Since her death, Eckwright had undertaken an impossible endeavor: he was attempting to narrate a human into existence. He needed Lynn the way he needed house keys; without her, his life was impregnable. Even now he could not find mittens, old copies of magazines, pens, cuff links that she’d stored away for him years ago.

Others had tried before him, and some had succeeded in extracting life from clay or marble, colors or words. Eckwright had studied these phenomena, but dismissed them: they were perfect creations, inspired by hope or inspiration or insanity. His would be imperfect, not merely a smooth statue come to life; Lynn would have sagging skin and sour odors and idiosyncrasies.

When he finished reading the poem, his dead wife’s image quickly receded from his mind.

Everyone in the audience stood from their folding chairs to applaud Eckwright. Even the browsers in the aisles were compelled to clap. But he was nonetheless disappointed; by the end of the poem his voice had become thin, fragile. Since Lynn had died, it was as if his ability to speak had been taken from him, as if that, too, had been put away in the bottom of some drawer he couldn’t find. He felt his futility begin to take him over, pulsing softly in his throat. His breaths became palpable, scraped their way free of his mouth. From his breast pocket he extracted a menthol cough drop, unwrapped it from the cellophane cocoon, and slipped it under his tongue.

He readied himself for handshakes and the requisite pleasantries. The store manager, whose shirt buttons were attempting escape from under his tight wool sweater, smiled at Eckwright.

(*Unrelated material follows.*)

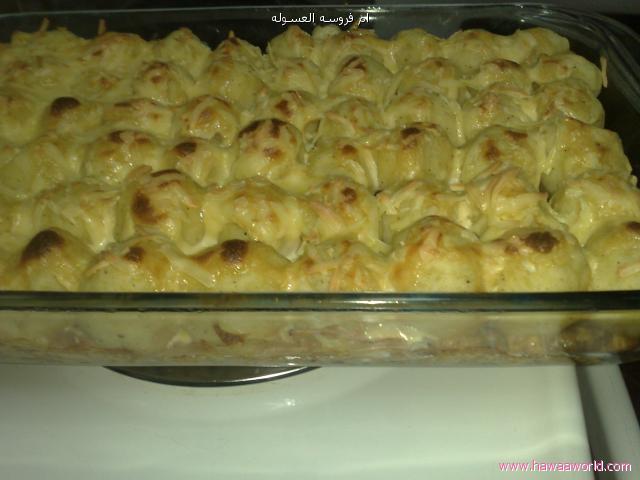 ندهن الصينيه بالزبده ونرشها دقيق ونصب نصف الخلطه ثم نضع الحشوه ونوزعها بالتدريج وبعدها نصب باقي الخلطه وتدخل الفرن نصف ساعه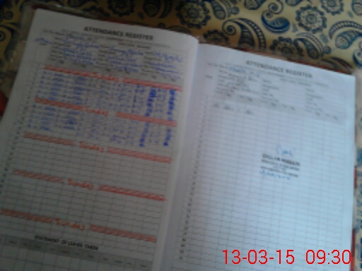 | CNIC | Full Name | Designation | R/C | Absence During Last Calender Month |

“It’s good to see you again,” the manager said, though Eckwright couldn’t remember having ever met the clerk before. His hand, as he offered it, was soft and damp, like tallow. The author let his own hand, whose nails and calluses were hard as pistachio shells, be enveloped in the clayey mass.

“How am I selling?” Eckwright said. “I noticed I’m not on the ‘Local Favorites’ display anymore.”

“You were great tonight,” said the clerk. “Powerful.”

Eckwright smiled his thanks and tactfully, almost stealthily, moved toward the door.